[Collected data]
----------
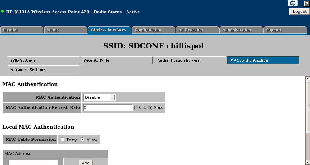 Il n'y a pas d'authentification par adresse MAC puisque l'usurpation de ces adresses se fait aujourd'hui très facilement |
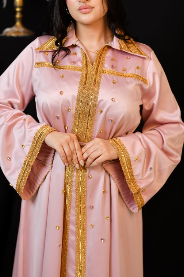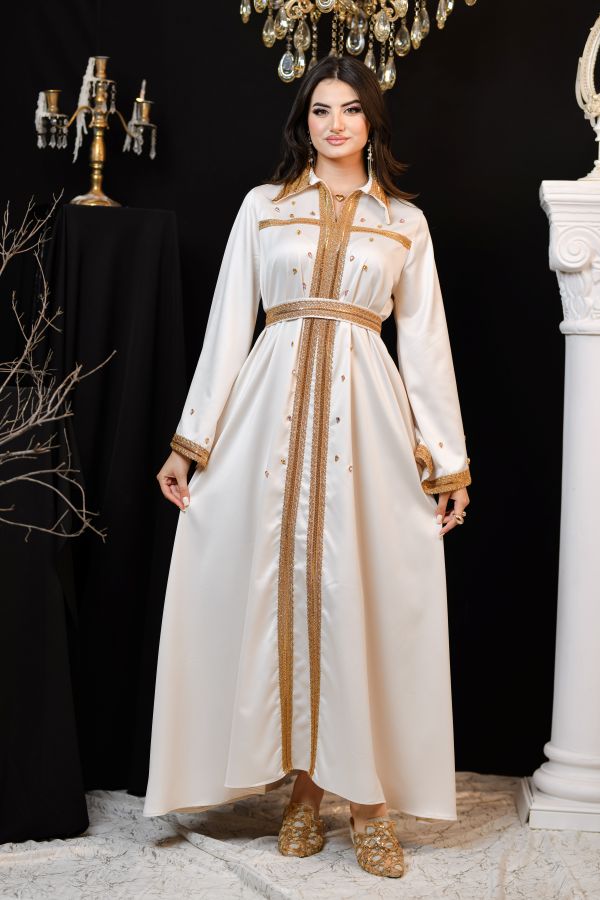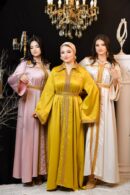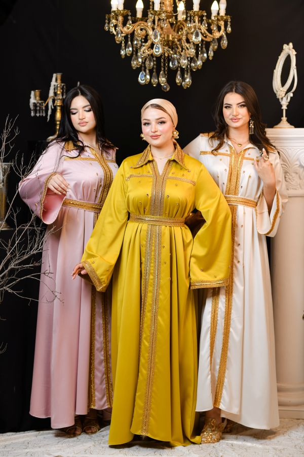Chahinez est un kaftan qui incarne la douceur et la force. Son tissu léger et ses broderies expriment une beauté audacieuse et unique.
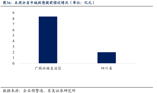 本周城投债提前兑付总规模为8.38亿元,按照兑付规模排名依次是广西和四川,分别提前兑付8.38亿元和2.00亿元。
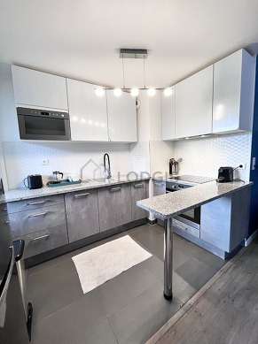 Este apartamento posee una magnífica cocina con azulejo en el sueloy todo el equipamiento necesario para su vida diaria : placas eléctricas, refrigerador, congelador, horno, micro ondas, horno micro-ondas, congelador, campana extractora, tostador, cafetera, vajilla, electrodomésticos, mixer, bin.
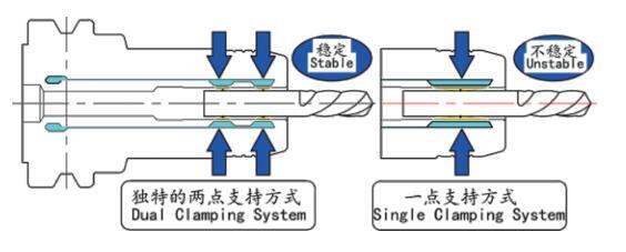 装爽孔内壁和被爽刀具之间产生的巨大压力将油,油脂等等润滑物的残余部分排挤到环槽内,保持了装夹孔壁的清洁和干燥。
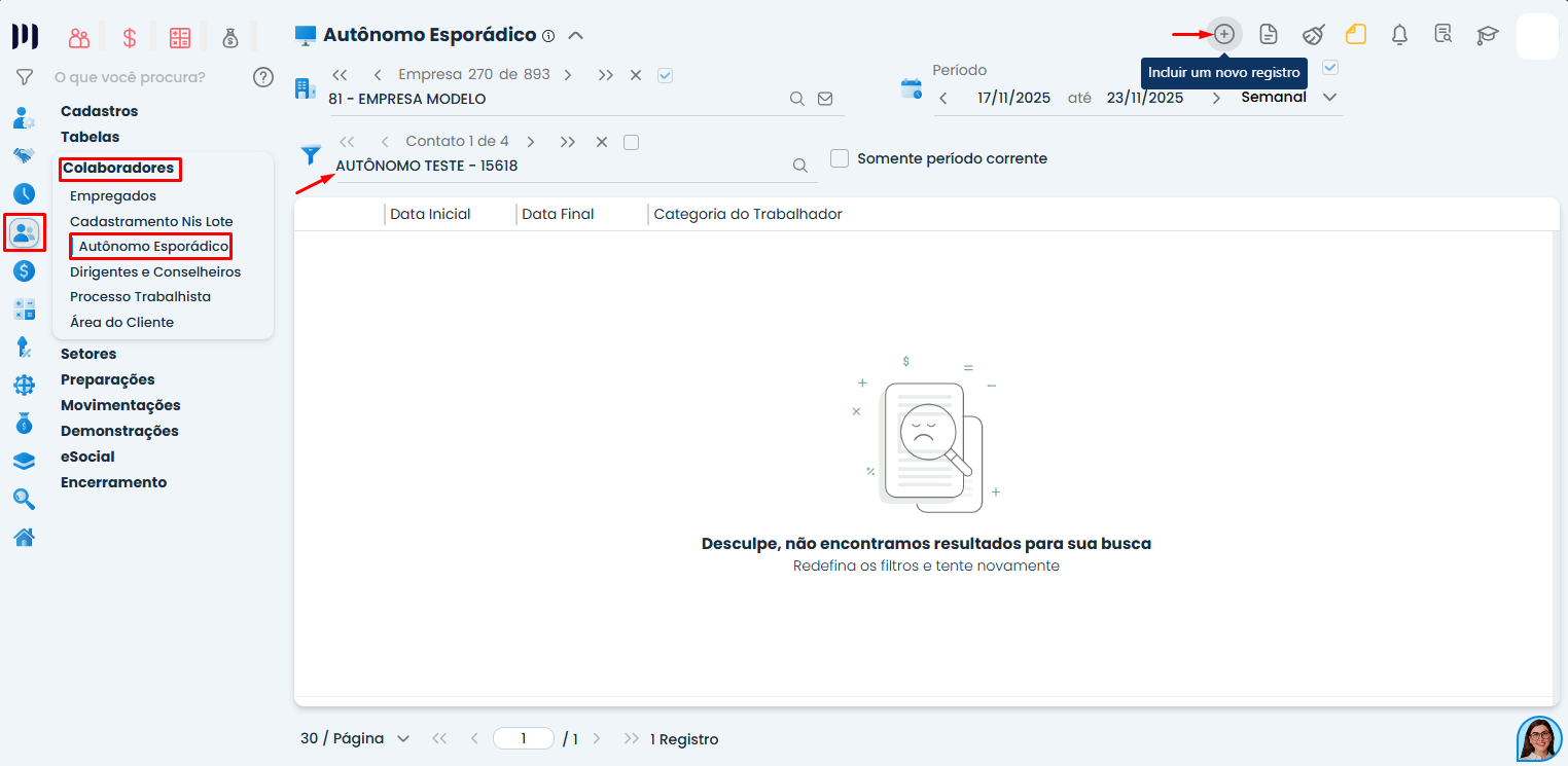 Dica: Se o autônomo já estiver cadastrado como empregado, não é necessário cadastrá-lo novamente nesta aba de esporádicos.
----------
## Directions
In the records above, find the line containing "本周城投债提前兑付总规模为8". Reproduce it and every line after it through the last line, omitting pictures.

## Task output
 本周城投债提前兑付总规模为8.38亿元,按照兑付规模排名依次是广西和四川,分别提前兑付8.38亿元和2.00亿元。
 Este apartamento posee una magnífica cocina con azulejo en el sueloy todo el equipamiento necesario para su vida diaria : placas eléctricas, refrigerador, congelador, horno, micro ondas, horno micro-ondas, congelador, campana extractora, tostador, cafetera, vajilla, electrodomésticos, mixer, bin.
 装爽孔内壁和被爽刀具之间产生的巨大压力将油,油脂等等润滑物的残余部分排挤到环槽内,保持了装夹孔壁的清洁和干燥。
 Dica: Se o autônomo já estiver cadastrado como empregado, não é necessário cadastrá-lo novamente nesta aba de esporádicos.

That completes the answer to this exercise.